# MTS-01 Pre-order News



## Sonnie (Apr 11, 2006)

*Sunday, 16 September, 2007: MTS-01 Pre-order News 

* *MTS-01 Speaker Family Pre-orders To Start 1 October 2007:* These days at SVS, it's one of the most popular questions we get: "_When can I buy the *MTS-01* speaker line?_". We've made folks wait far longer than we'd hoped, but their debut is quickly nearing. Crossover tweaks, raw cabinet production, woofer testing, it's all finally coming to fruition . Arguably the most significant investment in products we've ever made, these new speakers pictured here will go on sale *Monday, 1 October 2007*. As we head into the holiday season, demand might easily push supplies right to the limit. We recommend your order soon to avoid shortages and a longer wait. 

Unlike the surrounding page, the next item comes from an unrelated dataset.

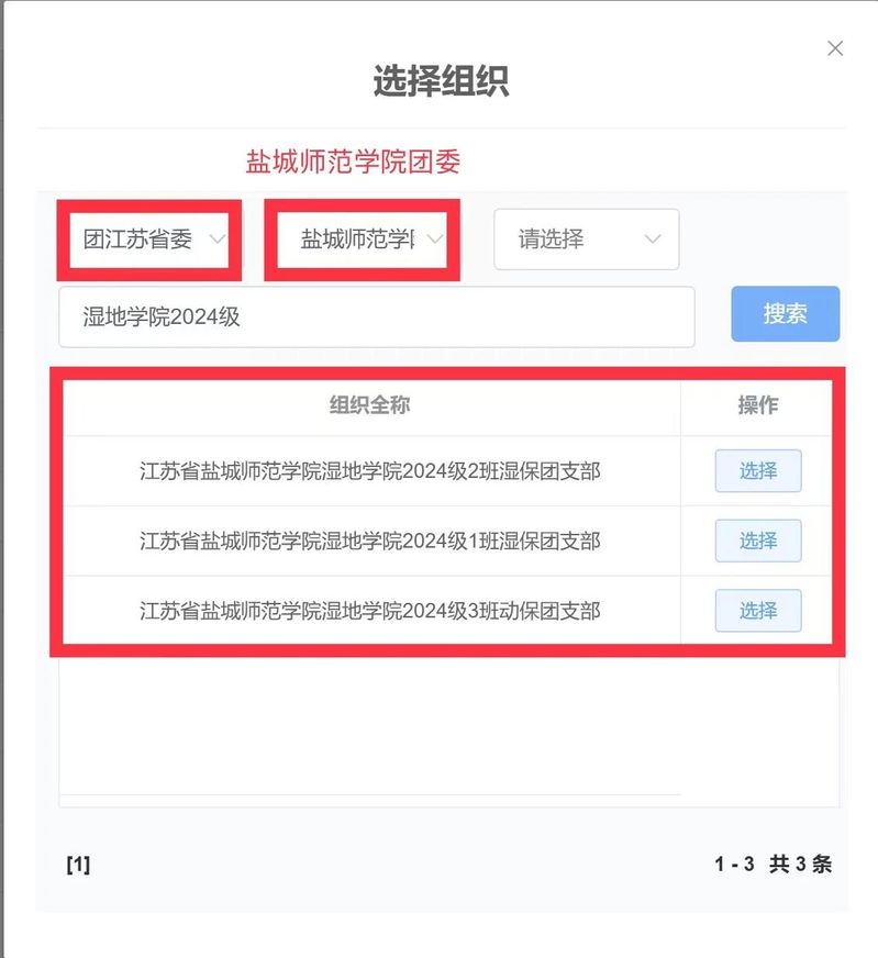 3.选择团江苏省委后,请直接选择太阳成集团122ccvip团委,不要选择团区委。

*MTS-01: Custom gold plated carpet spikes, and no-cost optional textured black floor support bars. High-end touches abound throughout the MTS-01 speaker family.*

*Shipping is targeted for late December*. Of course, as with all new product pre-order situations, we only proceed _to_ shipping when quality and performance standards are met or exceeded. Each one of these speakers, _every_ MCS-01 center, MBS-01 bookshelf, and MTS-01 mid-tower, is being assembled by a select team in our Ohio factory. Each is tested against reference baselines, and only then signed off by the SVS craftsman responsible for it. 

A note about availability then; with quality like this production dates can be a bit difficult to predict, but we always err on the side of our famously obsessive quality control. All pre-orders will come with purchase confirmation and regular updates about your arrival dates. And as always, you aren't charged till your speakers actually ship.


----------